He required that whenever he was in a room, that audio would only play through the built-in speakers on that Sony tv. The editors and mixers could use whatever speakers they wanted - as long as he wasn't in the room. As soon as drove into the parking lot on the dub stage, his assistant would run into the dub stage and yell, "He's here!" and the mixers would jump to switch off the "bigs" and make sure the Sony was on, audio was up, and the volume was set to a value of 30.

This might sound a little overboard, but besides just establishing a continuity of playback systems across the whole six-year run, the reasoning was that this way the show runner could compare the "raw" sound in the edit suites to the "mixed but virgin" sound on the dub stage to the "processed through broadcast compression" sound that he heard when watching the show over the air on Friday nights.

Pretty genius if you ask me.

Oh, and for mono, just put a mono-izer plugin on your master stereo output and bypass it when you don't need it. Simple.


----------



## desert (Jun 6, 2017)

charlieclouser said:


> As soon as drove into the parking lot on the dub stage, his assistant would run into the dub stage and yell, "He's here!" and the mixers would jump to switch off the "bigs" and make sure the Sony was on, audio was up, and the volume was set to a value of 30.


hahahaha! 

Already have mono set in my plugin. Cheers for the tips and story!


----------



## Kent (Aug 16, 2017)

Much of Thriller was mixed on a stereo pair of Auratones. Listen to it on small crappy speakers and it sounds almost better than it does on big fancy monitors! 

Surely its sale numbers are a coincidence...


----------



## synthpunk (Aug 16, 2017)

"During my mix, the speaker actually caught fire and was engulfed in flames!!! We had to call the techs in and they put the fire out with fire extinguishers!!!

Michael loved that and he has always said that my mix was so hot that it caused the speaker to catch fire!!!"

-Bruce Swedien









kmaster said:


> Much of Thriller was mixed on a stereo pair of Auratones. Listen to it on small crappy speakers and it sounds almost better than it does on big fancy monitors!
> 
> Surely its sale numbers are a coincidence...


----------



## Nathanael Iversen (Aug 16, 2017)

I use a pair of Aurotones. I find them quite helpful. They are great for setting the basic mix balance and making sure that everything is clearly audible. I use them for setting up a basic mix, then I refine and work on my main monitors, jumping back to check things on the Aurotones. I have both set up on my monitor controller, so it is just a button push to switch. I read somewhere that you use little speakers to make big decisions, and big speakers to make little decisions. Seems to be about right... The aurotones are not fun to listen to, but they are a very useful tool.


----------



## nas (Aug 23, 2017)

I also have a pair of Avantones, they can help in clearing up the midrange of a mix for sure.

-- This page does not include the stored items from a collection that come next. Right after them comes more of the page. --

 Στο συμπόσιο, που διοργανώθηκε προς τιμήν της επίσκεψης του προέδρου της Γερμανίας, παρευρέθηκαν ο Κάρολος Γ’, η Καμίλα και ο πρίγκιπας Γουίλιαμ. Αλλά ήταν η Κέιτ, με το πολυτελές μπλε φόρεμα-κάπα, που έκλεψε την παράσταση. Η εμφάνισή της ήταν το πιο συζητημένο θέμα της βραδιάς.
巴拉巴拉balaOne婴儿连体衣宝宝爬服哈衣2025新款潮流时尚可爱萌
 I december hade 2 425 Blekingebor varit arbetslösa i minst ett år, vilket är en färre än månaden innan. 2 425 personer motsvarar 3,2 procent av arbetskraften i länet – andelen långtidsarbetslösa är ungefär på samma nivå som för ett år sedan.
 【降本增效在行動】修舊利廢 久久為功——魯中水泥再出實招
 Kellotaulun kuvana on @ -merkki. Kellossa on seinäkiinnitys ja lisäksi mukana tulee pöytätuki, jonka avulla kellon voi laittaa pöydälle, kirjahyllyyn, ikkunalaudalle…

But I have found that the most helpful alternative reference is to listen through my laptop speakers and also through earbuds as this is how a very large portion of the public listens to media... dare I say I also check the mix on iPads/iPhones! 

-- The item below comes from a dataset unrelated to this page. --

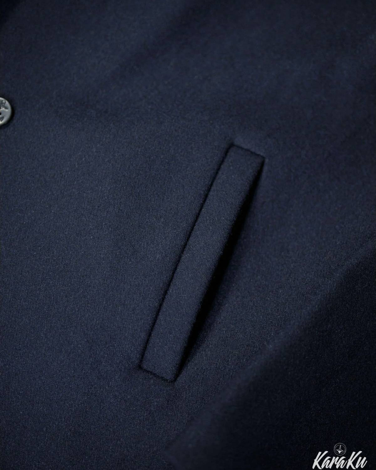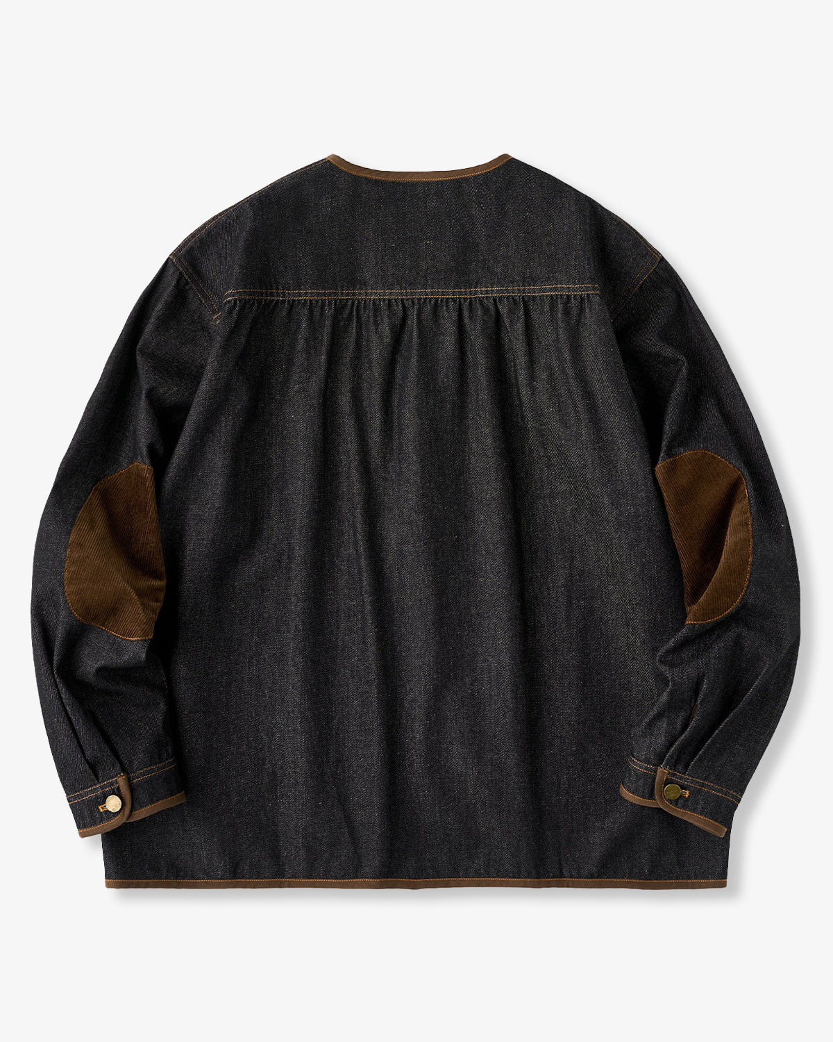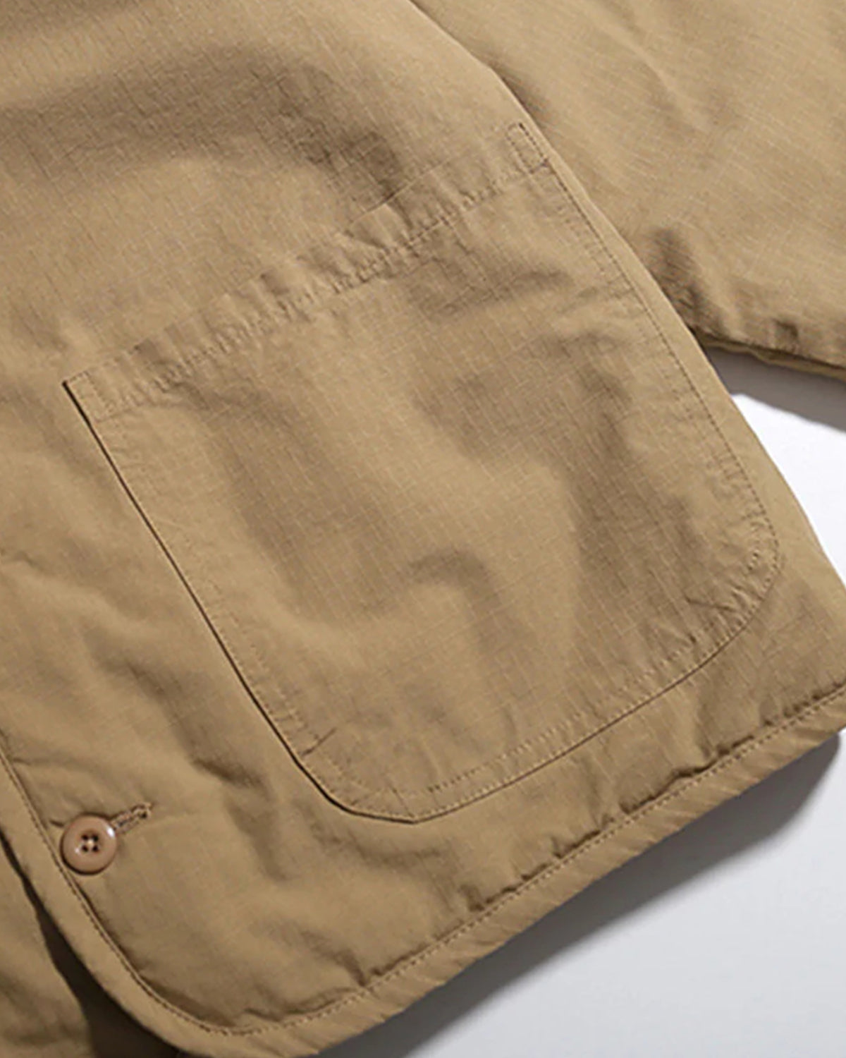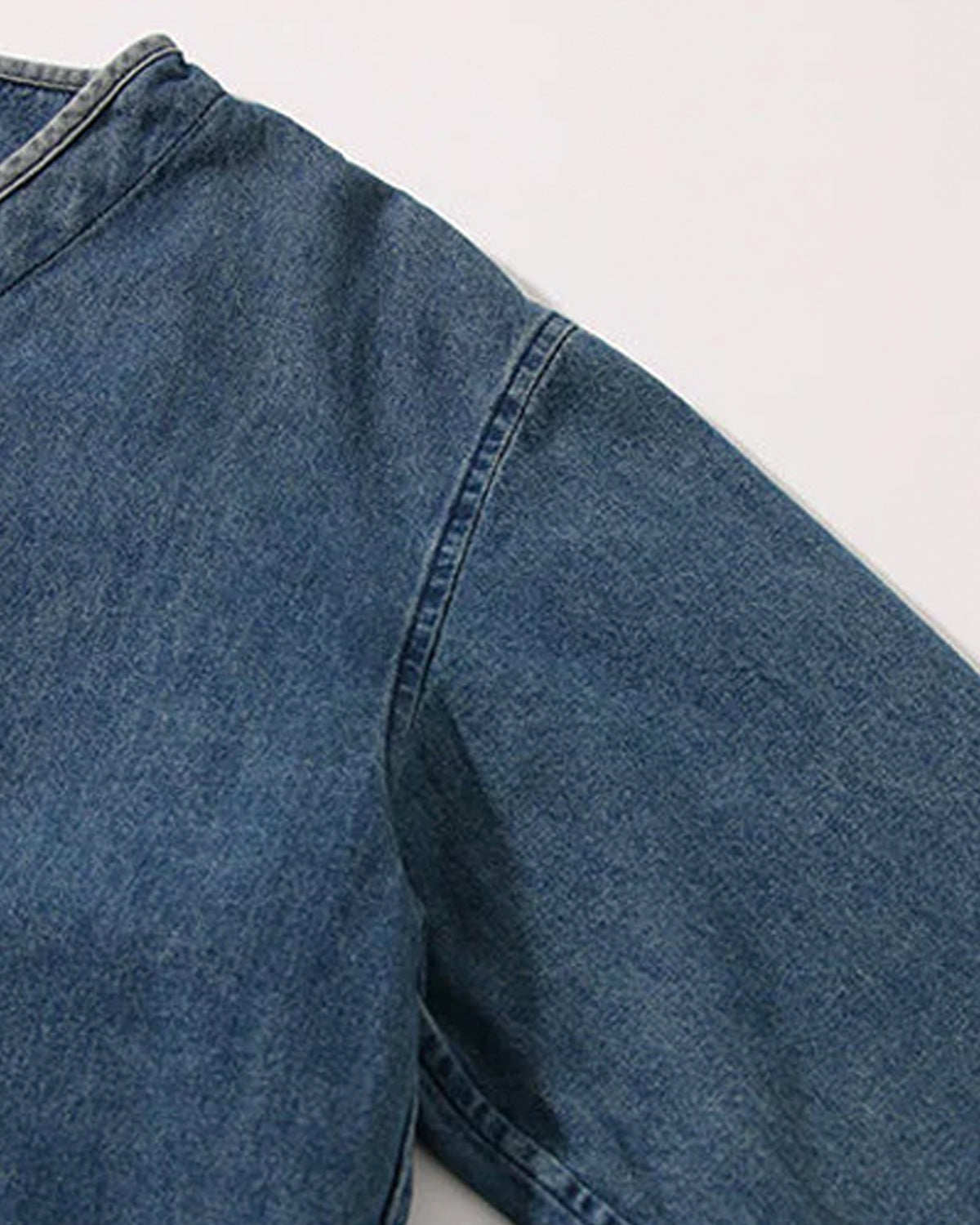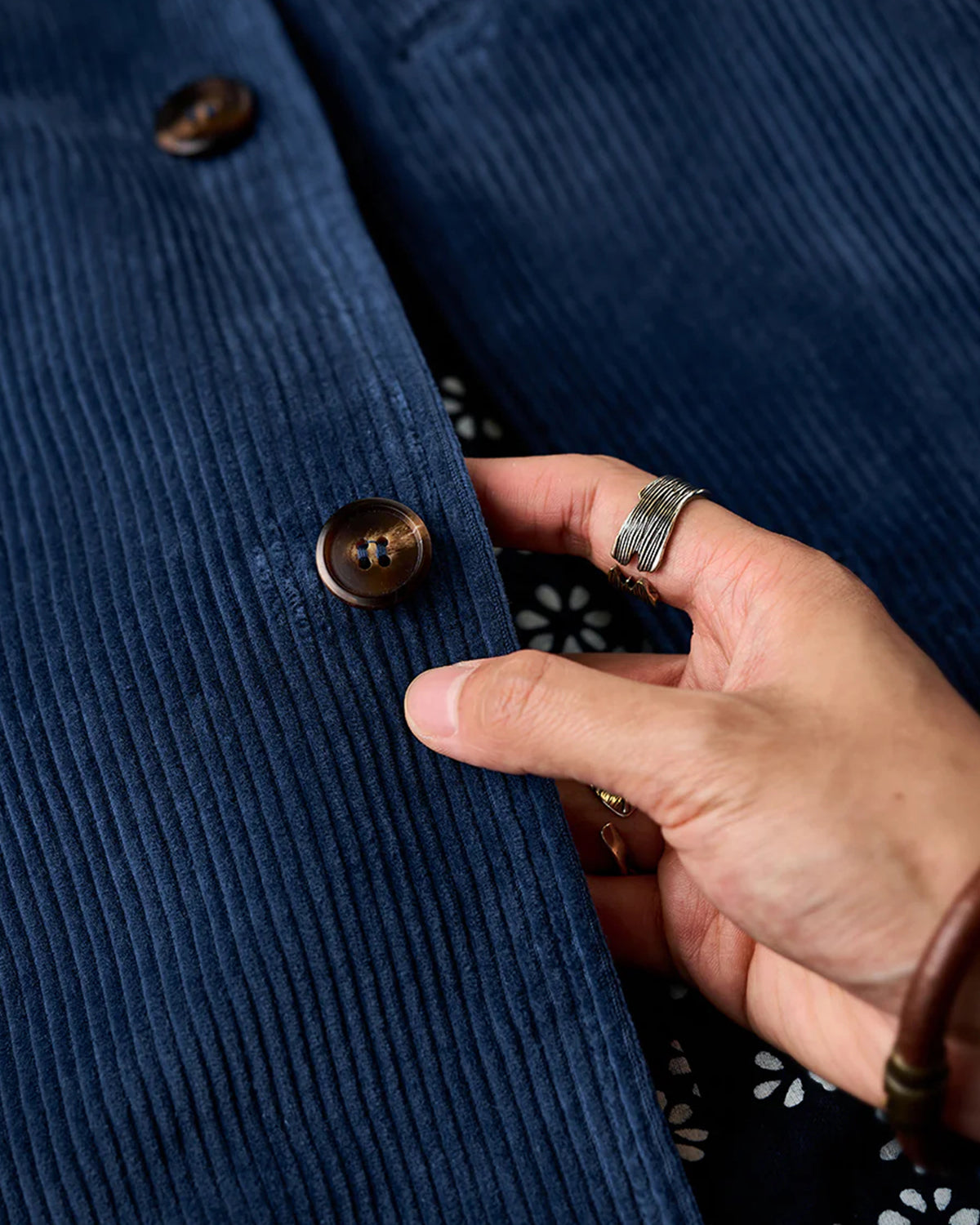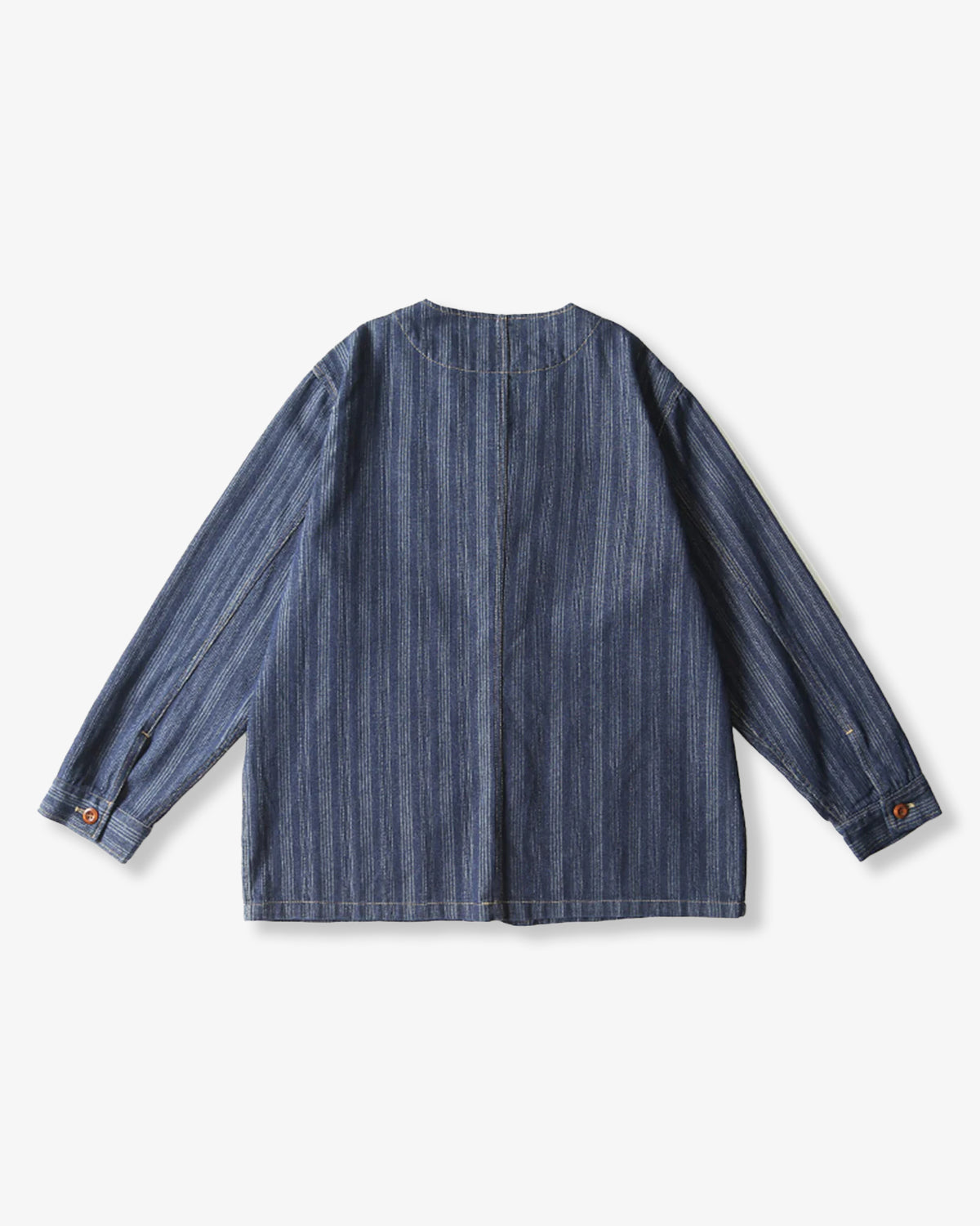 It has no collar, giving it a casual look. The large pockets and color-coordinated buttons are also nice touches.

Of course I am referring to mixes that are going to be played back on those devices and not something for theatrical or club release.


----------



## Prockamanisc (Aug 23, 2017)

Yeah, for me it's a constant circle: headphones -> speakers -> mono mixcube -> headphones -> speakers -> mono mixcube. Then when I think I've got it right, I'll print one and listen through my phone, and then in my car.


----------



## higgs (Aug 23, 2017)

RE: Cheap speakers: 
I've considered the Avantone monitors a couple of times, but... A number of years ago I spent a few hours with a mastering engineer in David Glasser's facility in Colorado. He had a shitty boombox on the desk to his left that he claimed he used more frequently than the pair of insanely expensive and breathtaking Dunlavy SC-V monitors. I don't suspect many folks use boomboxes to consume sounds these days, but I think laptop speakers and earbuds would be useful tools for listening to (and making decisions about) mixes/masters/music the same way many civilians do.

RE: Nice speakers in the 8050B price range:
I nearly bought a pair of Dynaudio BM15A monitors before deciding on a set of Focals. The Dynaudios will be my next big purchase. They truly are worth auditioning among everything else in that price range. My first set of 'respectable' monitors were Dynaudio BM5a's. Migrating from Behringer to those was a big awakening. I could do hours and hours of "work" without fatigue. I loved them. There's something about the Dyn sound that resonates with me.


----------



## higgs (Aug 23, 2017)

Also, I suppose I can take the reins on the obligatory advice: audition everything you can in and around your price range. 

There. That part is done.


----------